Adnoc and OCI prepare to list fertiliser joint venture
Adnoc holds a 42% stake in the company, known as Fertiglobe, with OCI retaining the majority 58% share
Abu Dhabi National Oil Company and its business partner OCI are preparing for a potential listing of Fertiglobe, their fertiliser manufacturing joint venture.
Adnoc holds a 42 per cent stake in the company, known as Fertiglobe, with OCI retaining the majority 58 per cent interest. OCI is listed on the Euronext Amsterdam exchange and has Egyptian billionaire Nassef Sawiris as its biggest shareholder. Microsoft founder Bill Gates also owns a 6 per cent stake in the company.

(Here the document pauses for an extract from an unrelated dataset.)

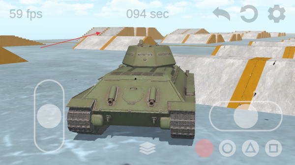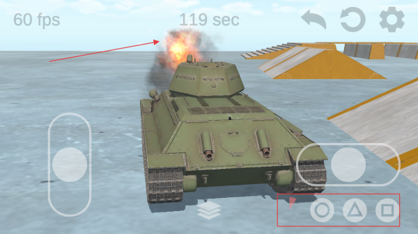 2、進入游戲后,通過屏幕左側和右側的虛擬方向按鈕控制坦克的前進、后退和轉向,在復雜的地形中移動。

“Adnoc regularly assesses investment and partnership opportunities across its entire value chain and is currently exploring a number of potential opportunities, including a potential listing of Fertiglobe, our fertiliser JV business with OCI," a spokesman for the company said in a statement.
The export-focused nitrogen fertiliser business was formed in 2019 following the merger of Adnoc's fertiliser arm and OCI's Middle East nitrogen fertiliser business. Fertiglobe is headquartered at the Abu Dhabi Global Market. Dr Sultan Al Jaber, Adnoc group chief executive and managing director is chairman of the company.
“In less than two years, a global fertiliser player was created, based in Abu Dhabi," the Adnoc spokesman said.
"As Adnoc continues to deliver on its 2030 growth strategy, we will continue to evaluate investment and partnership opportunities that create value and drive sustainable growth for Abu Dhabi and the UAE," he added.
OCI confirmed earlier this week that it is preparing for a listing of Fertiglobe in a disclosure to the Euronext when announcing its first quarter results. The company swung back into profit in the first quarter, registering an adjusted net income of $94 million, compared with a loss of $82m for the same period last year. Revenue rose 38 per cent to $1.12 billion.
The fertiliser joint venture was formed following Adnoc's plans in 2019 to invest Dh165 billion in developing its downstream business over the following five years. The move came amid a growing pivot towards building a stronger product portfolio among Middle East oil exporters.
Adnoc has been looking for ways to monetise some of its non-core assets as it looks to diversify income streams and bring in foreign capital to develop its business.
Last year, Adnoc attracted a consortium of the world’s leading infrastructure and sovereign wealth funds to its gas pipelines. The $20.7bn deal was the largest such transaction in the energy space in 2020. This followed on from a 2019 deal to sell a stake in its oil pipelines.
The company has also raised capital through the sale of a minority stake in its non-core property portfolio last year and through the flotation of a 10 per cent stake in its distribution business in late 2017. An institutional placing in September last year doubled the free float of its shares to 20 per cent.